- _PROBLEM REQUIREMENTS_:
Write out exactly the lines below that run from the one containing "宗馥莉辞去娃哈哈集团相关职务" through the one containing "The largest gains", both included, with no other lines.

- _RECORDS FOR THIS TASK_:
○ ○ ○ ○ ○ ○ ○

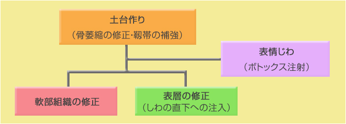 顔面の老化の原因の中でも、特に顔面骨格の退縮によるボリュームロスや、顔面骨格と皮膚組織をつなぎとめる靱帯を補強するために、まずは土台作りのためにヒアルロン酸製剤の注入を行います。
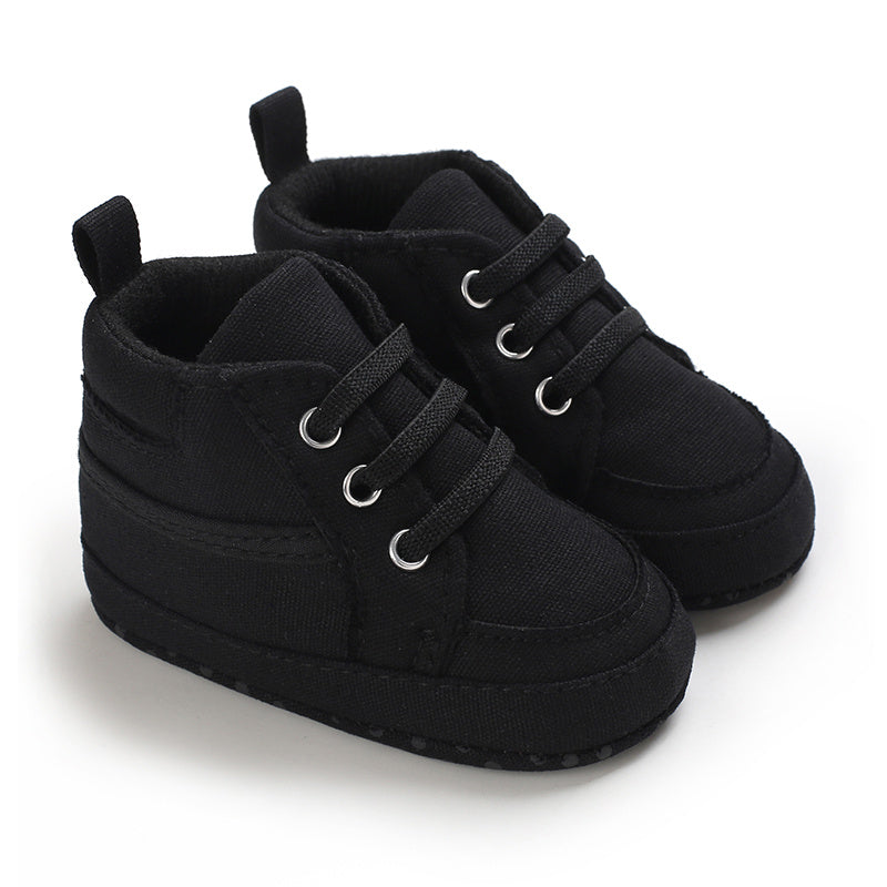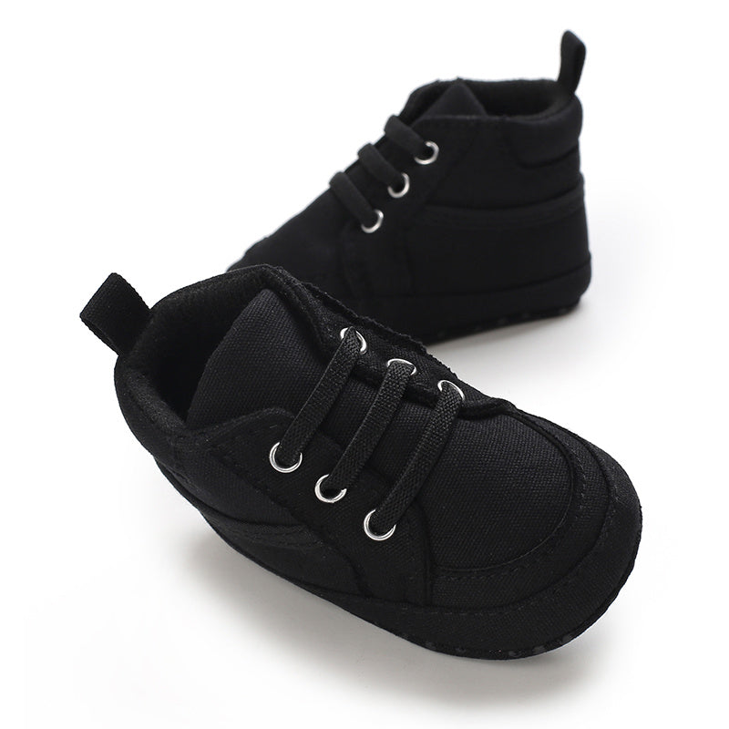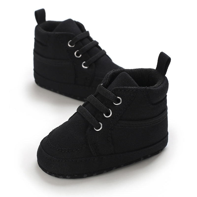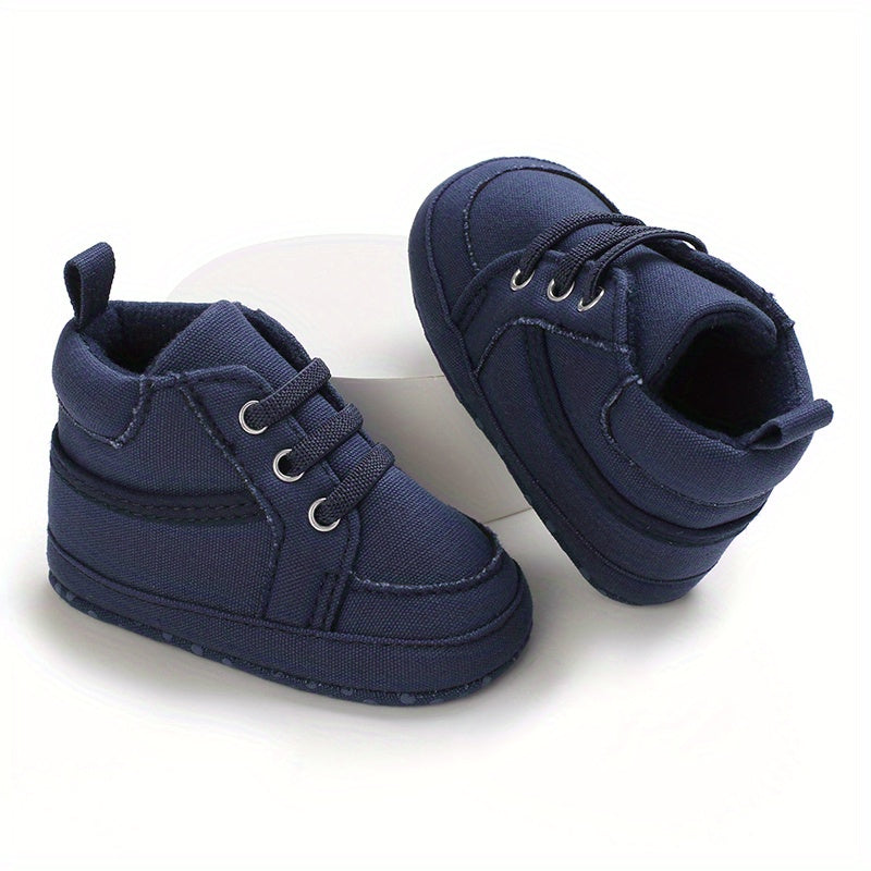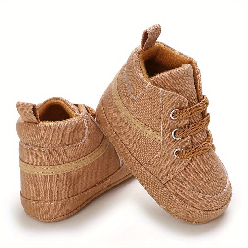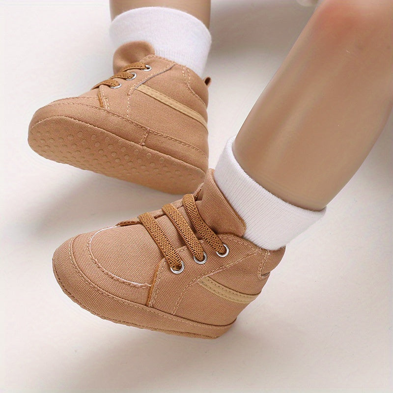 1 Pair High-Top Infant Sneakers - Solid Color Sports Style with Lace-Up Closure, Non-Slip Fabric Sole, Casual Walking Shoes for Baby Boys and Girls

○ ○ ○ ○ ○ ○ ○

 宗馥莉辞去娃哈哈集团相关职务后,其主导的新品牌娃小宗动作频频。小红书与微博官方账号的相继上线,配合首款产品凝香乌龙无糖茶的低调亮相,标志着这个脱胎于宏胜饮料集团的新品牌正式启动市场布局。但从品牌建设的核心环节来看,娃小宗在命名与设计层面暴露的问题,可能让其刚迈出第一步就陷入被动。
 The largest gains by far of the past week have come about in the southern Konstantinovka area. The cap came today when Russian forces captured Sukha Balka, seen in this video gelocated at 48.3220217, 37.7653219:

○ ○ ○ ○ ○ ○ ○

- _COMPLETED TASK_:
 宗馥莉辞去娃哈哈集团相关职务后,其主导的新品牌娃小宗动作频频。小红书与微博官方账号的相继上线,配合首款产品凝香乌龙无糖茶的低调亮相,标志着这个脱胎于宏胜饮料集团的新品牌正式启动市场布局。但从品牌建设的核心环节来看,娃小宗在命名与设计层面暴露的问题,可能让其刚迈出第一步就陷入被动。
 The largest gains by far of the past week have come about in the southern Konstantinovka area. The cap came today when Russian forces captured Sukha Balka, seen in this video gelocated at 48.3220217, 37.7653219:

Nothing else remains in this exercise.